## TASK PROMPT
Below is a block of entries, which should be copied verbatim apart from the pictures.

==== INFORMATION PROVIDED

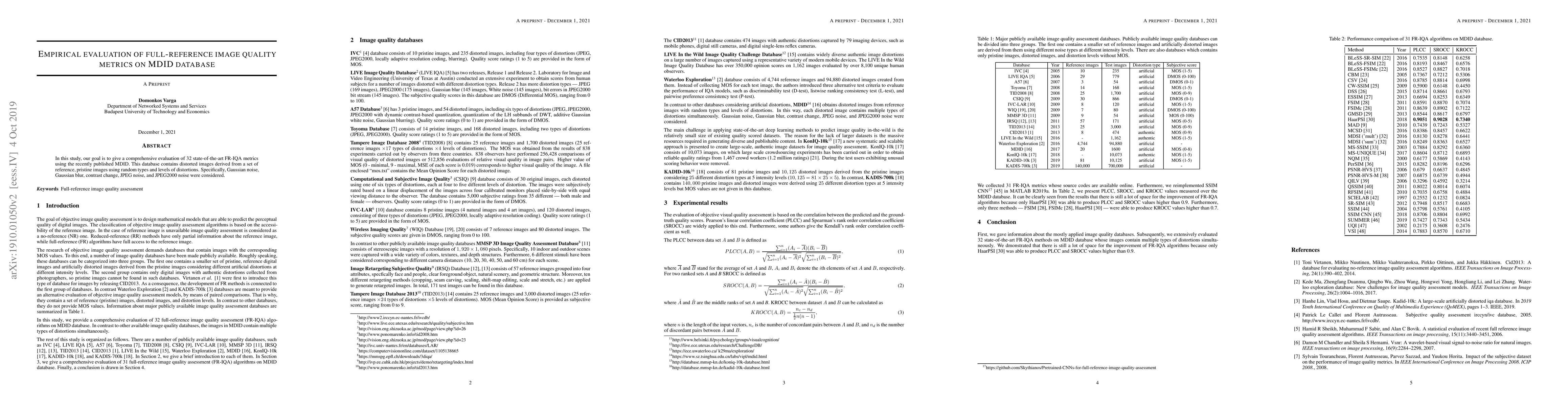 In this study, our goal is to give a comprehensive evaluation of 32 state-of-the-art FR-IQA metrics using the recently published MDID. This database contains distorted images derived from a set of reference, pristine images using random types and levels of distortions. Specifically, Gaussian noise, Gaussian blur, contrast change, JPEG noise, and JPEG2000 noise were considered.
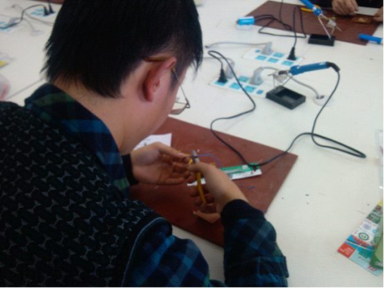 2013年3月8日15:00时,为期6天的培训活动正式开始。活动中,首先由科协副部为学员们发放了相关电子器件,学员们表现出了极大的好奇心,迫不及待地想要亲手进行焊接工作。科协副部张兴宇同学给学员们介绍了器件的名称、用途。接下来,他展示了自己焊接的成品,结合电路图详细地讲解了焊接方法和原理,并且强调了焊接注意事项和安全问题。随后,科协副部黄维宁同学亲手为学员们演示了焊接过程,学员们积极认真地观看学习。此后学员们已经按捺不住跃跃欲试,纷纷投入到焊接工作中。经过了上学期科协的培训,学员们已经基本掌握了焊接方法,所以本次培训学员们快速地进入了状态。科协副部黄婉玉,刘锡洋同学深入到学员们中去,为学员们答疑解难,纠正错误,一对一进行指导。培训活动有条不紊地进行着。很快,有不少同学就已经做出了成品,科协副部李京杰同学为学员们的成品进行检查和测试,由副部张楠同学对焊接速度较快同学的信息进行了整理,并对同学们的作品做出了评价与记录。在副部们的帮助下,每位学员都完成了自己的焊接工作。学员们拿着自己亲手焊接的作品,脸上充满了喜悦与自豪。3月15日17:00时,培训在一片和谐热烈的气氛中圆满落下了帷幕。
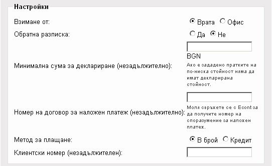 Метод за плащане: изберете по какъв начин ще плащате на Econt за услугите им. Ако изберете Кредит, трябва да въведете Клиентски номер.
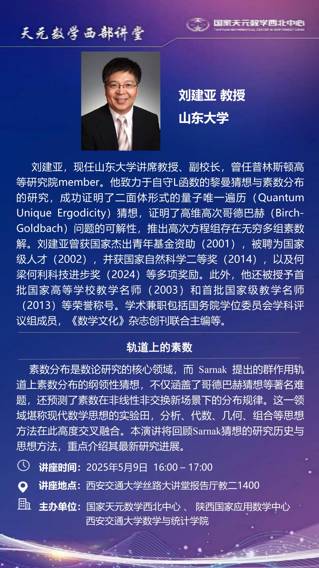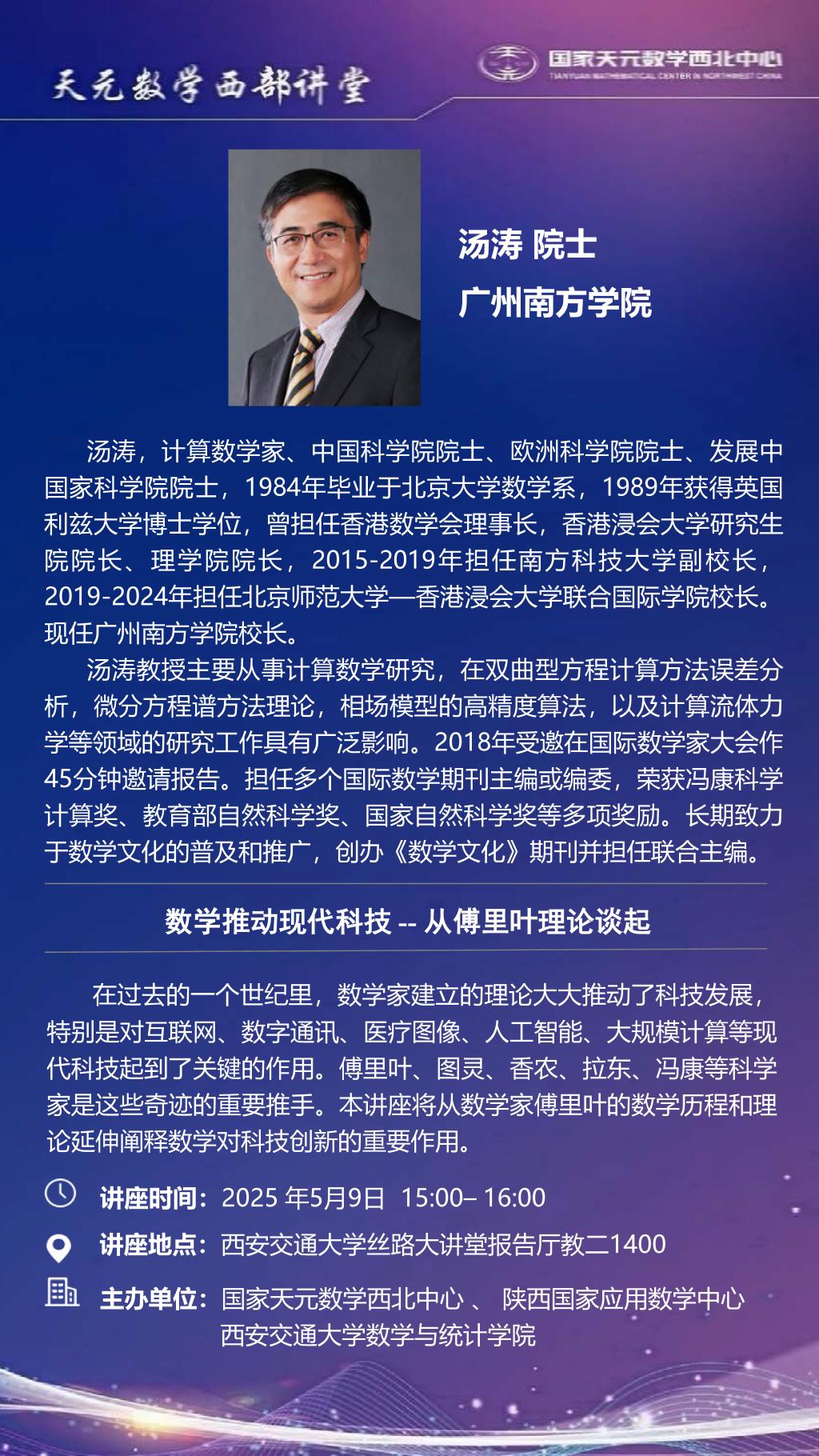 【天元数学西部讲堂】广州南方学院汤涛院士、山东大学刘建亚教授学术报告
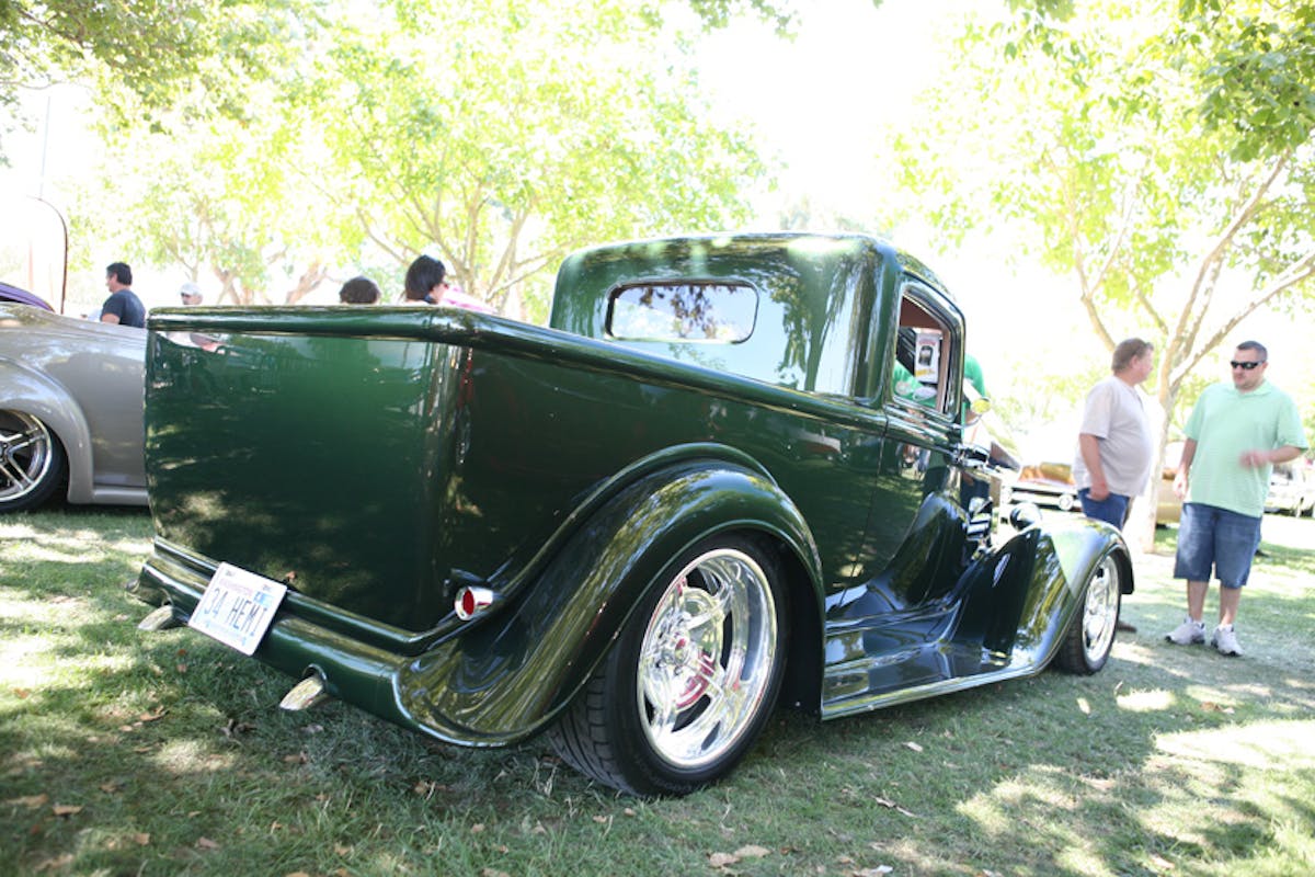 The smoothy body rides on top of a Chromoly tube chassis fitted with modified Heidt’s IFS and IRS and sprung with Ridetech air shocks. When the bellows are bled out, it’s a low slung beauty to behold. The solid wheels offer a retro look but are anything but. Measuring 8×18-inches and 10×20-inches, they were machined from solid aluminum with custom made “Deluxe 37” hubcaps.
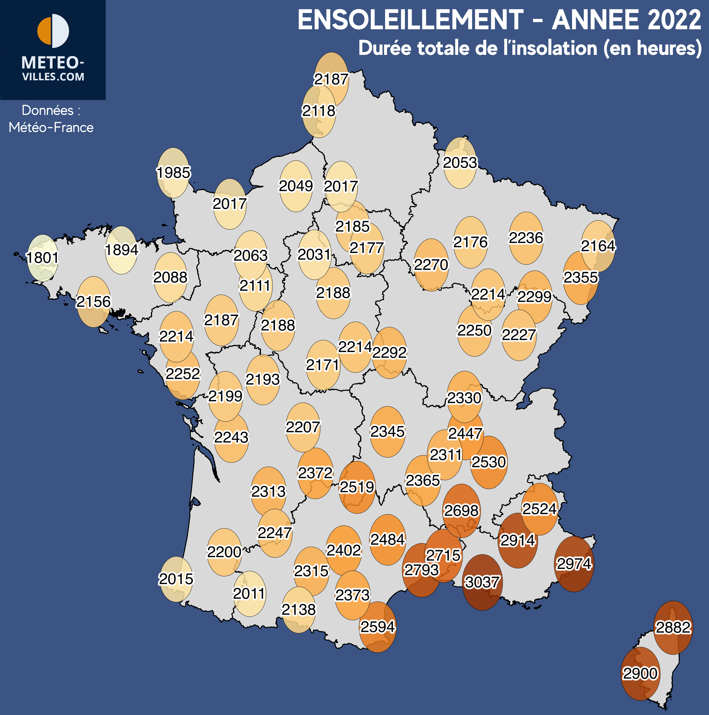 Hormis au pied des Pyrénées (2000 à 2100h), la moitié Sud reste toutefois plus ensoleillées encore. Comme à l'accoutumée, le quart Sud-Est et notamment les régions bordant la Méditerranée ont profité de l'ensoleillement le plus généreux avec 2700 à 3000 heures. Sur notre panel de stations, une seule est parvenue à dépasser les 3000 heures : il s'agit de Marseille-Marignane qui comme souvent (secteur le plus ensoleillé du pays) truste le podium avec 3037 heures.
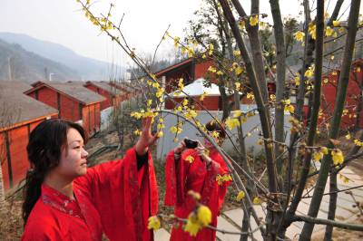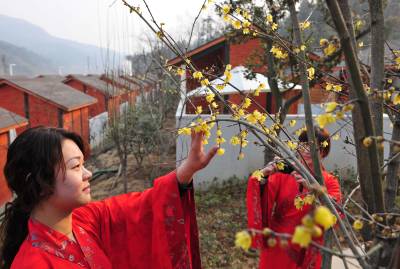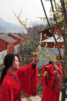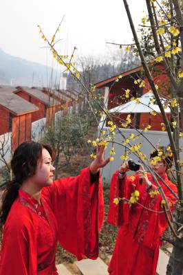 2月6日,在湖北襄阳凤凰山水温泉,两名身着汉服的少女在欣赏拍摄盛开的蜡梅花,春节期间,湖北襄阳艳阳高照,气温宜人,各个景区游客爆满,据旅游部门介绍,今年春节期间,湖北襄阳景区游客总量创历年最高。
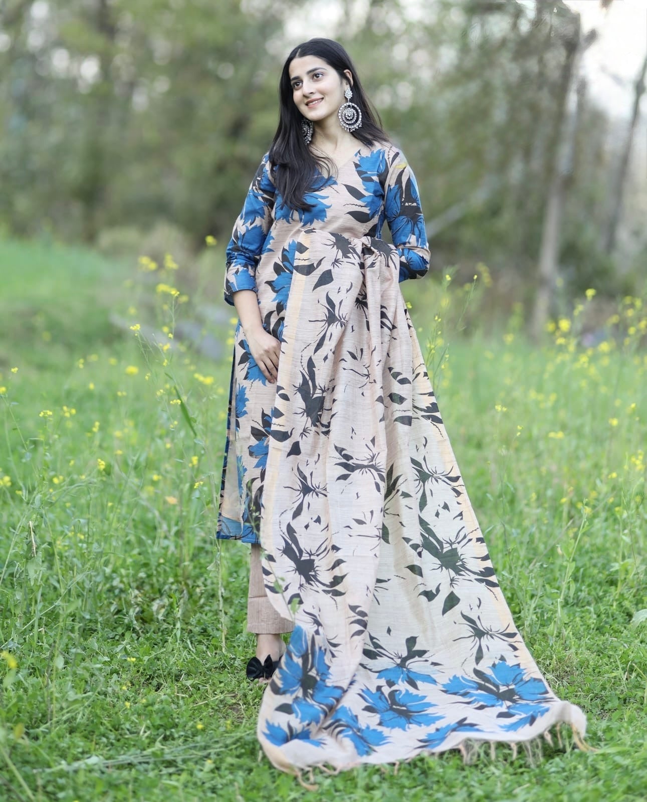 cotton silk kurti pant dupatta set, breathable cotton silk suit for women, 3-piece ethnic cotton silk outfit, soft lined ethnic set for women, everyday festive cotton silk suit

========

## ANSWER BOX
 In this study, our goal is to give a comprehensive evaluation of 32 state-of-the-art FR-IQA metrics using the recently published MDID. This database contains distorted images derived from a set of reference, pristine images using random types and levels of distortions. Specifically, Gaussian noise, Gaussian blur, contrast change, JPEG noise, and JPEG2000 noise were considered.
 2013年3月8日15:00时,为期6天的培训活动正式开始。活动中,首先由科协副部为学员们发放了相关电子器件,学员们表现出了极大的好奇心,迫不及待地想要亲手进行焊接工作。科协副部张兴宇同学给学员们介绍了器件的名称、用途。接下来,他展示了自己焊接的成品,结合电路图详细地讲解了焊接方法和原理,并且强调了焊接注意事项和安全问题。随后,科协副部黄维宁同学亲手为学员们演示了焊接过程,学员们积极认真地观看学习。此后学员们已经按捺不住跃跃欲试,纷纷投入到焊接工作中。经过了上学期科协的培训,学员们已经基本掌握了焊接方法,所以本次培训学员们快速地进入了状态。科协副部黄婉玉,刘锡洋同学深入到学员们中去,为学员们答疑解难,纠正错误,一对一进行指导。培训活动有条不紊地进行着。很快,有不少同学就已经做出了成品,科协副部李京杰同学为学员们的成品进行检查和测试,由副部张楠同学对焊接速度较快同学的信息进行了整理,并对同学们的作品做出了评价与记录。在副部们的帮助下,每位学员都完成了自己的焊接工作。学员们拿着自己亲手焊接的作品,脸上充满了喜悦与自豪。3月15日17:00时,培训在一片和谐热烈的气氛中圆满落下了帷幕。
 Метод за плащане: изберете по какъв начин ще плащате на Econt за услугите им. Ако изберете Кредит, трябва да въведете Клиентски номер.
 【天元数学西部讲堂】广州南方学院汤涛院士、山东大学刘建亚教授学术报告
 The smoothy body rides on top of a Chromoly tube chassis fitted with modified Heidt’s IFS and IRS and sprung with Ridetech air shocks. When the bellows are bled out, it’s a low slung beauty to behold. The solid wheels offer a retro look but are anything but. Measuring 8×18-inches and 10×20-inches, they were machined from solid aluminum with custom made “Deluxe 37” hubcaps.
 Hormis au pied des Pyrénées (2000 à 2100h), la moitié Sud reste toutefois plus ensoleillées encore. Comme à l'accoutumée, le quart Sud-Est et notamment les régions bordant la Méditerranée ont profité de l'ensoleillement le plus généreux avec 2700 à 3000 heures. Sur notre panel de stations, une seule est parvenue à dépasser les 3000 heures : il s'agit de Marseille-Marignane qui comme souvent (secteur le plus ensoleillé du pays) truste le podium avec 3037 heures.
 2月6日,在湖北襄阳凤凰山水温泉,两名身着汉服的少女在欣赏拍摄盛开的蜡梅花,春节期间,湖北襄阳艳阳高照,气温宜人,各个景区游客爆满,据旅游部门介绍,今年春节期间,湖北襄阳景区游客总量创历年最高。
 cotton silk kurti pant dupatta set, breathable cotton silk suit for women, 3-piece ethnic cotton silk outfit, soft lined ethnic set for women, everyday festive cotton silk suit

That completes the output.